Per avere un’idea della quotidianità in Venezuela, ad oggi, basta pensare che l’acqua manca praticamente in tutti gli edifici pubblici, persino nell’80% degli ospedali.
Le morti in gravidanza sono più che raddoppiate e i servizi destinati ai cittadini - dai mezzi di trasporto passando per la pubblica amministrazione - sono praticamente inesistenti.

Una ricerca effettuata dalla Universidad Católica Andres Bello ha rilevato che oltre l’8% della popolazione finisce per cercare cibo nella spazzatura; in proporzione, si tratta di circa 2,4 milioni di venezuelani.

Il 32,5% consuma 2 pasti al giorno o anche meno, e l’iperinflazione fa sì che 9 venezuelani su 10 vivano in condizioni di povertà assoluta, con una perdita di peso corporeo media - per cittadino - pari a 11 chili.

Il salario minimo - che Maduro aumenta periodicamente ma che non riesce a far fronte al parallelo e costante aumento dell’inflazione - è pari a cinque milioni e duecentomila bolivares, ovvero 1,30 euro. Per restituire un’idea del potere d’acquisto della valuta, lo stipendio medio di un venezuelano è sufficiente a portare sul tavolo la spesa per una settimana al massimo.

Il bolivares si è deprezzato del 100% rispetto al 2010, tanto che diverse banche d’affari stanno traendo notevoli profitti dalla situazione.
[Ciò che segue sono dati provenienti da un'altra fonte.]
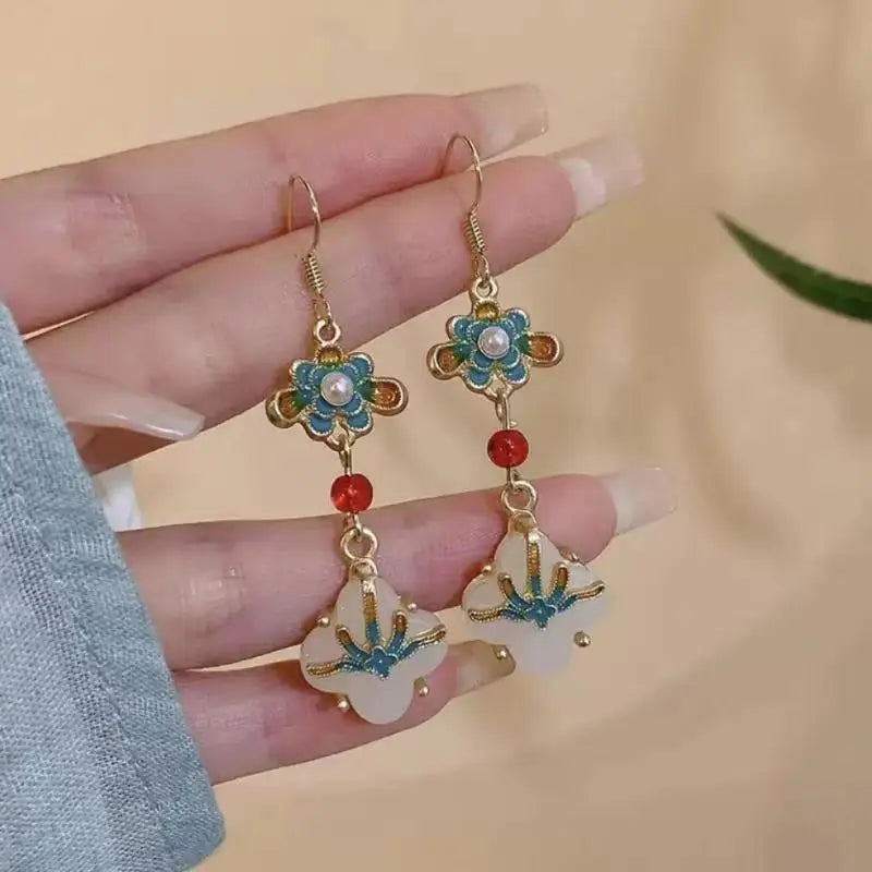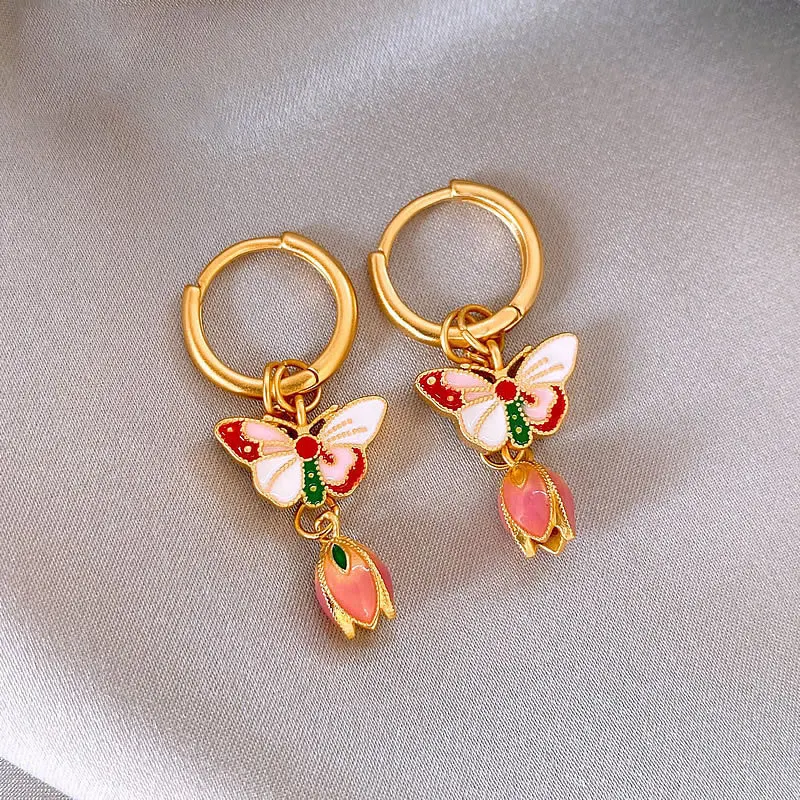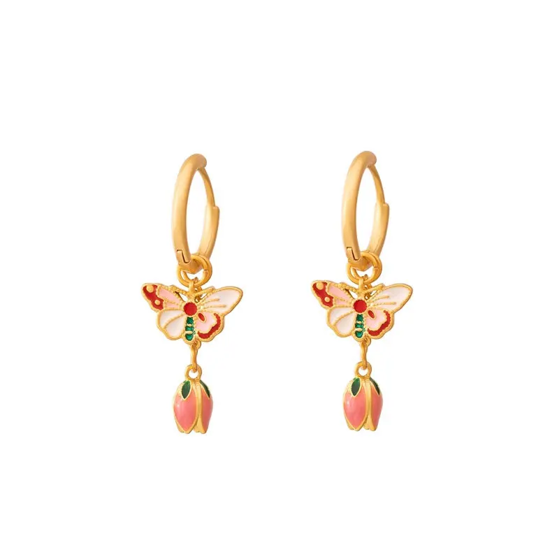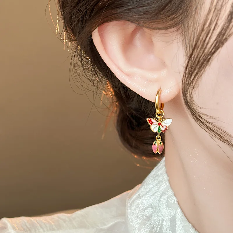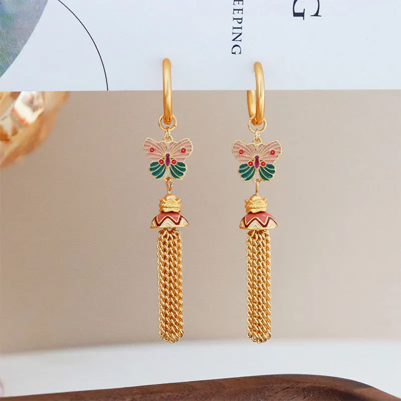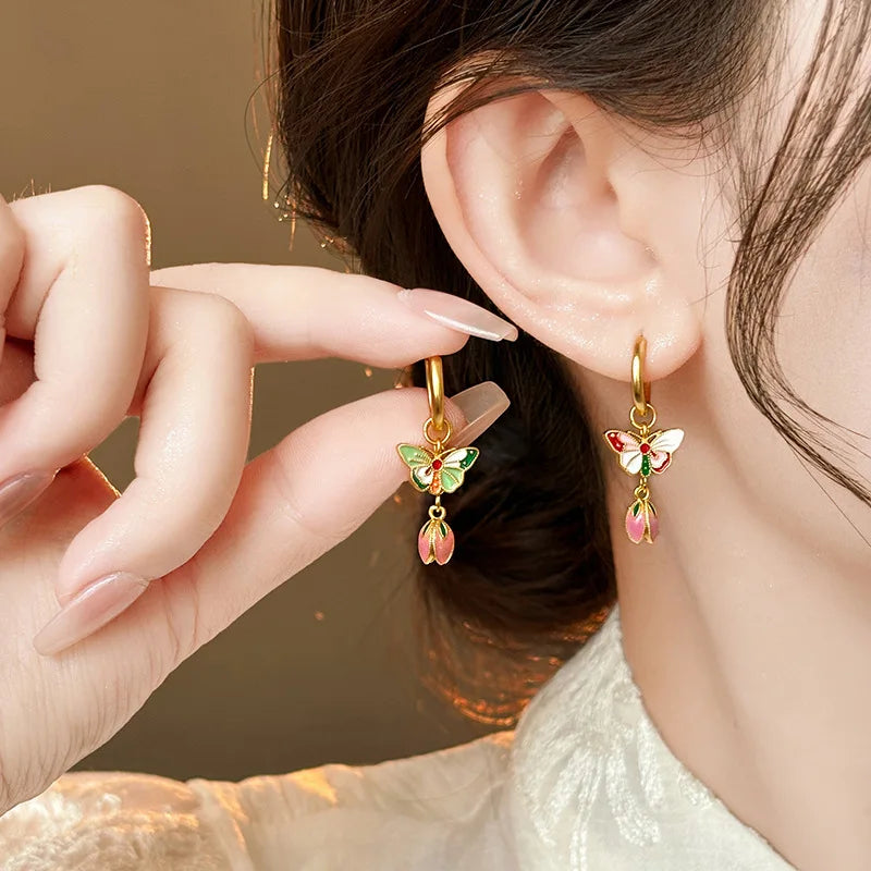 DAIIIBABYYY - Steel Fun Jewelry Retro Colorful Enamel Butterfly Earrings for Women Girl 2024 New Chinese Style Flower Tassel Drop Earring Gift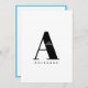 This flat note card/invitation has a personalized monogram on the front with a small-sized tiara inside the black monogram with your last/or first name beneath. Backside has a solid color border of your choice. Border color shown in sky blue.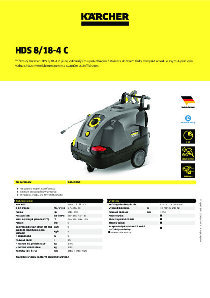 Vysokotlaký čistič s ohřevem HDS 8/18-4 C je nejvýkonnějším stroje třídy Kompakt. Třífázový stroj se čtyřpólovým, vodou chlazeným motorem nabízí vše, co dnes lze očekávat v komfortu obsluhy, ergonomii a efektivním využívání zdrojů. Jednoduchá obsluha jedním knoflíkovým přepínačem přesvědčí uživatele právě tak jako překvapivě vysoká mobilita, kterou zajišťují velká kola a vodicí kolečko. Zatímco vysokotlaká pistole EASY!Force využívá zpětný ráz vysokotlakého paprsku ke snížení síly potřebné pro stisk rukojeti na nulu, dovolují rychlospojky EASY!Lock v porovnání s běžným šroubením až 5 krát rychlejší manipulaci, aniž by došlo k ústupkům v robustnosti a životnosti. Bezpečnost nabízí odolný podvozek, ve kterém jsou integrovány nádrže na čisticí prostředek a palivo. Užitečné přihrádky pro příslušenství a nářadí doplňují širokou paletu vybavení stroje HDS 8/14-C.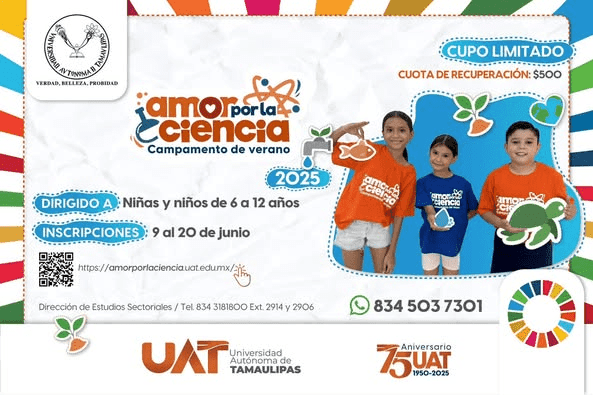 ¡Este verano, enciende la chispa de la ciencia en los más pequeños! Llega el Campamento de Verano “Amor por la Ciencia” UAT 2025, una experiencia única donde niñas y niños explorarán el mundo de la ciencia a través de experimentos, juegos y actividades educativas, acompañados por nuestras investigadoras e investigadores.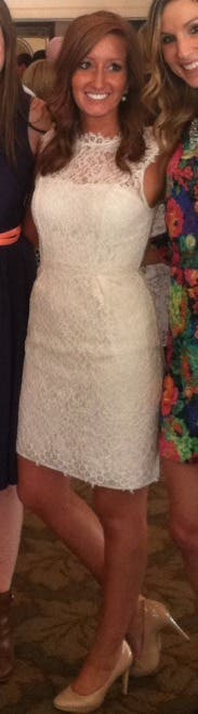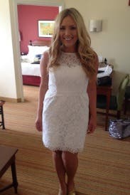 This dress was amazing- even better than I expected it to be. Both sizes I ordered (4 & 6) fit very well and I actually wore them both, the 4 for the ceremony and the 6 out to dinner that night. I got so many compliments and felt like such a bride. I would recommend this dress to anyone looking for the perfect wedding dress to feel beautiful and elegant. It was both sexy and sophisticated - long enough almost to my knees and covered up top but sheer enough to feel pretty. I am 5'10, 133 pounds and fit great. Will definitely be renting from rent the runway again. The whole experience could not have gone any better!! Thanks rtr!!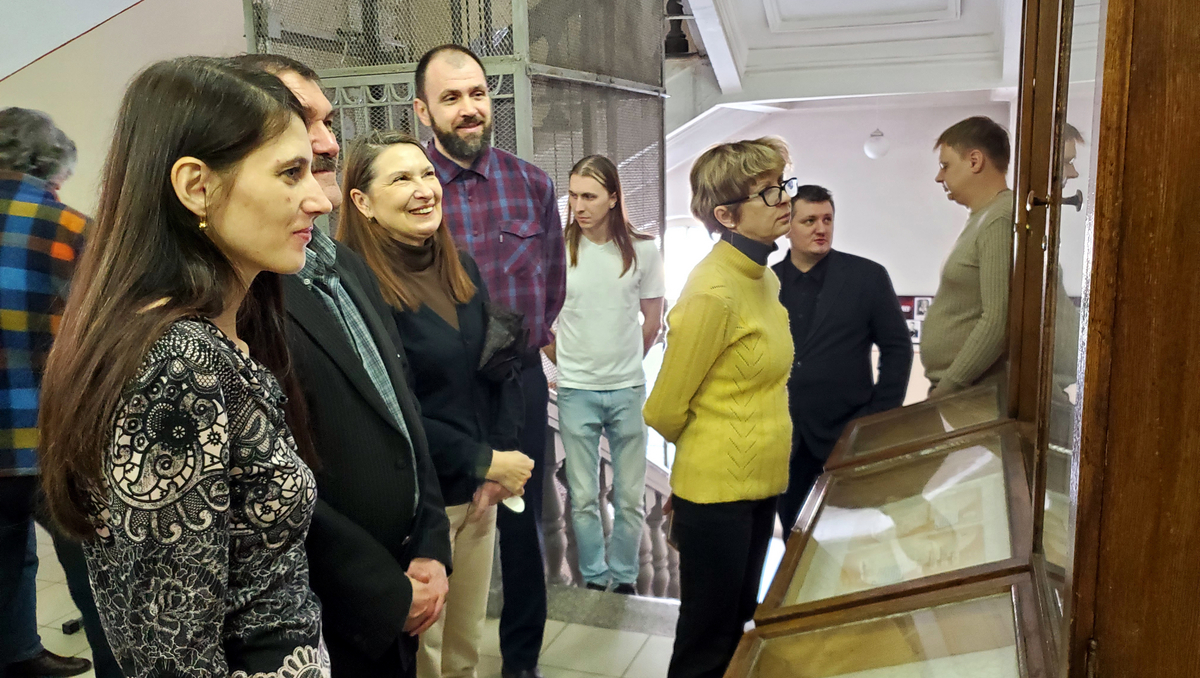 Главный библиотекарь отдела массовой работы ЗНБ Т.В. Гордеева, подготовившая материалы экспозиции, открыла выставку. Татьяна Владимировна подробно рассказала о представленном материале, отражающем славный 60-летний путь старейшего сотрудника кафедры физики твёрдого тела и Института физики В.Ф. Названова с момента начала его работы в Саратовском университете до наших дней.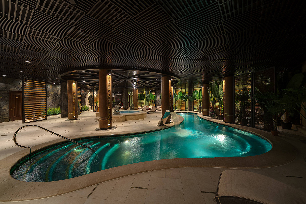 Релакс-бассейн с большой зоной отдыха, выполненной в марокканском стиле, привлекает возможностью остаться наедине с самим собой, поплавать в тишине и насладиться встроенными водными аттракционами.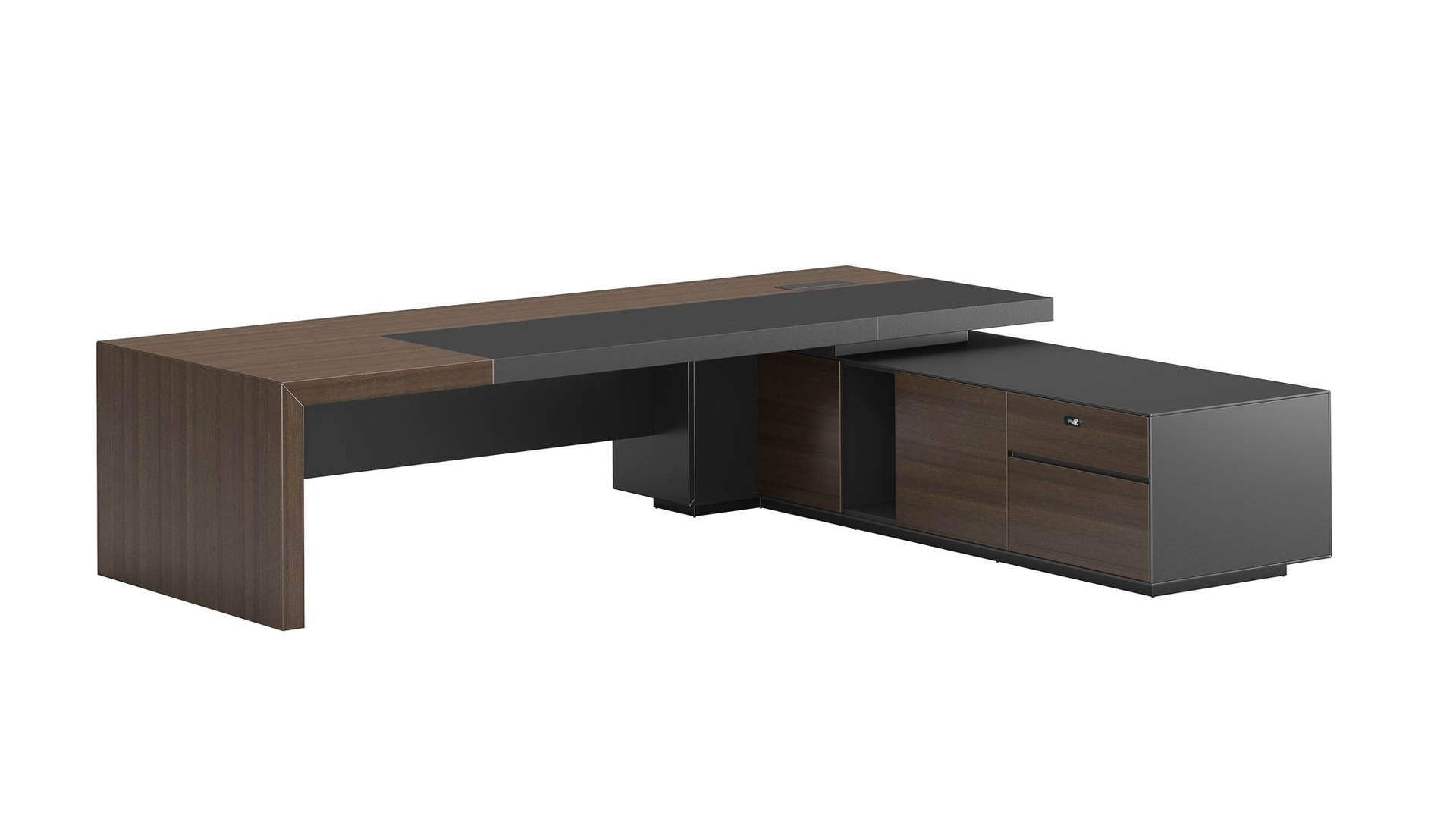 明哲系列辦公家具,采用直紋胡桃和星空灰實(shí)色漆元素,高檔實(shí)木質(zhì)感飾面,深邃飽滿(mǎn),紋理清晰,內(nèi)蘊(yùn)深厚。搭配簡(jiǎn)約端正的造型設(shè)計(jì),臺(tái)腳的斜切裝置,還有產(chǎn)品的布局變化,錯(cuò)落有致,承前啟后,展現(xiàn)極致簡(jiǎn)潔和視覺(jué)效果的完美詮釋。低調(diào)又不失時(shí)尚,穩(wěn)重又不失靈動(dòng),既營(yíng)造現(xiàn)代時(shí)尚的情緒,還給當(dāng)今辦公環(huán)境注入明亮、輕松的舒適感。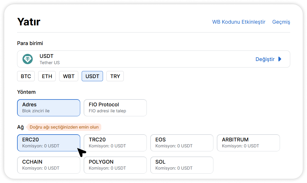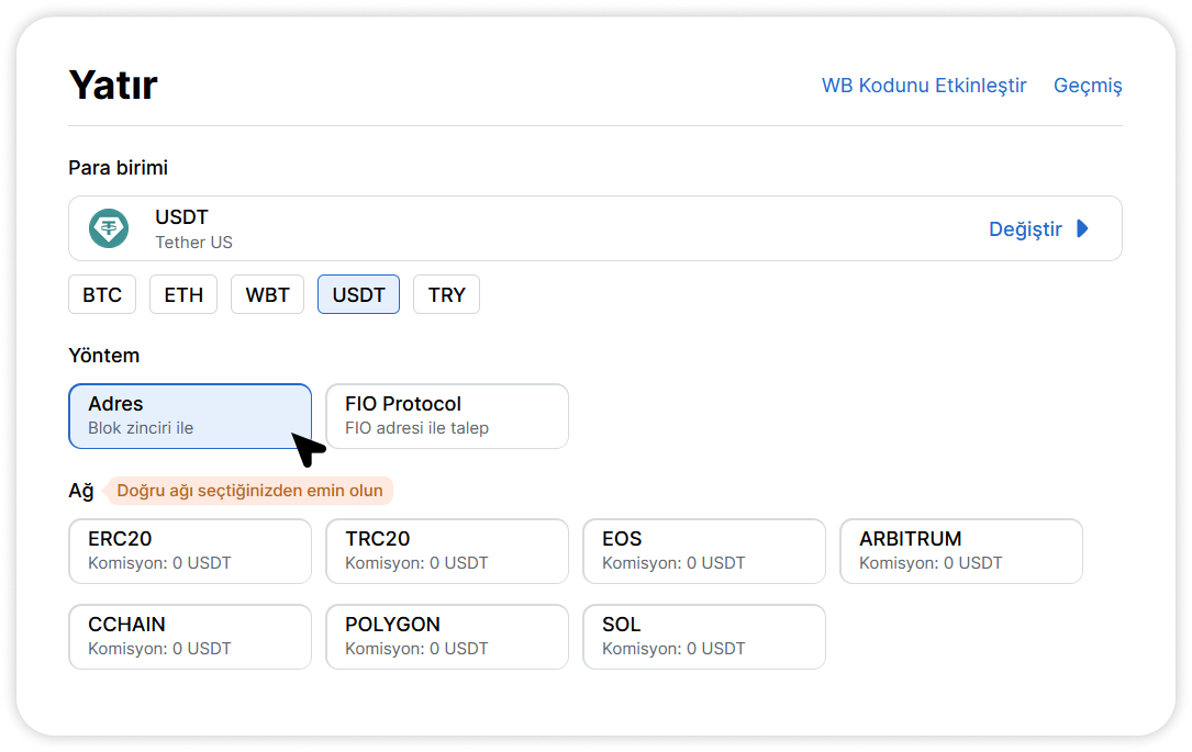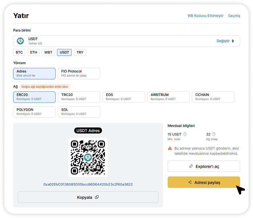 Önemli: Para yatırma için kullandığınız ağı (token standardı) WhiteBIT TR borsasındaki ağ (token standardı) ile aynı olmalıdır.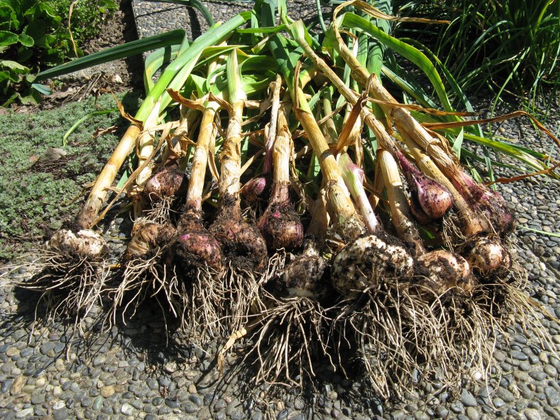 My own yield – harvested nearly two weeks ago – was more modest, but I believe all 14 cloves I planted came up and, aside from some split bulbs the bulbs look healthy and firm with no sign of mold. Like last year, they showed some rust that had persisted on the overwintering leeks, despite ministrations with home-made sulfur spray. It didn’t affect the bulbs, though, and they’re drying in an airy corner of the shed as I write.After they’ve dried properly in another few days I’ll cut them down and peel off the grubby wrappers. The choicest bulbs will be saved for seed. One thing I learned this year, thanks to a lively discussion on the COG listserve, was to check the base of the cloves for two distinct ‘footprints’ – and if found, to separate the cloves even if there is only one clove skin, because otherwise they’ll split after planting. I did successfully pull up and replant a split clove but it’s not recommended. The fatter the bulb and cloves you plant, the bigger your plants will be next year, says Ray.

Tra queste Goldman Sachs, che di recente ha acquistato 2,8 miliardi di dollari in bond, agevolata da un costo ultravantaggioso.

La disperazione di un popolo allo stremo è facilmente ravvisabile anche dagli ultimi disordini di Caracas, quando - qualche giorno prima dell’autoproclamazione di Guaidó - diversi membri dell Guardia Nazionale si sono rivoltati contro le stesse forze governative che rappresentano.

Forze governative su cui può ancora contare Nicolas Maduro, che fa di queste la propria forza e che non ha mancato di costruire un muro attorno al rivale Guaidò, che attualmente non ha accesso ai suoi conti bancari - bloccati - e vive sotto la costante minaccia di venire incarcerato.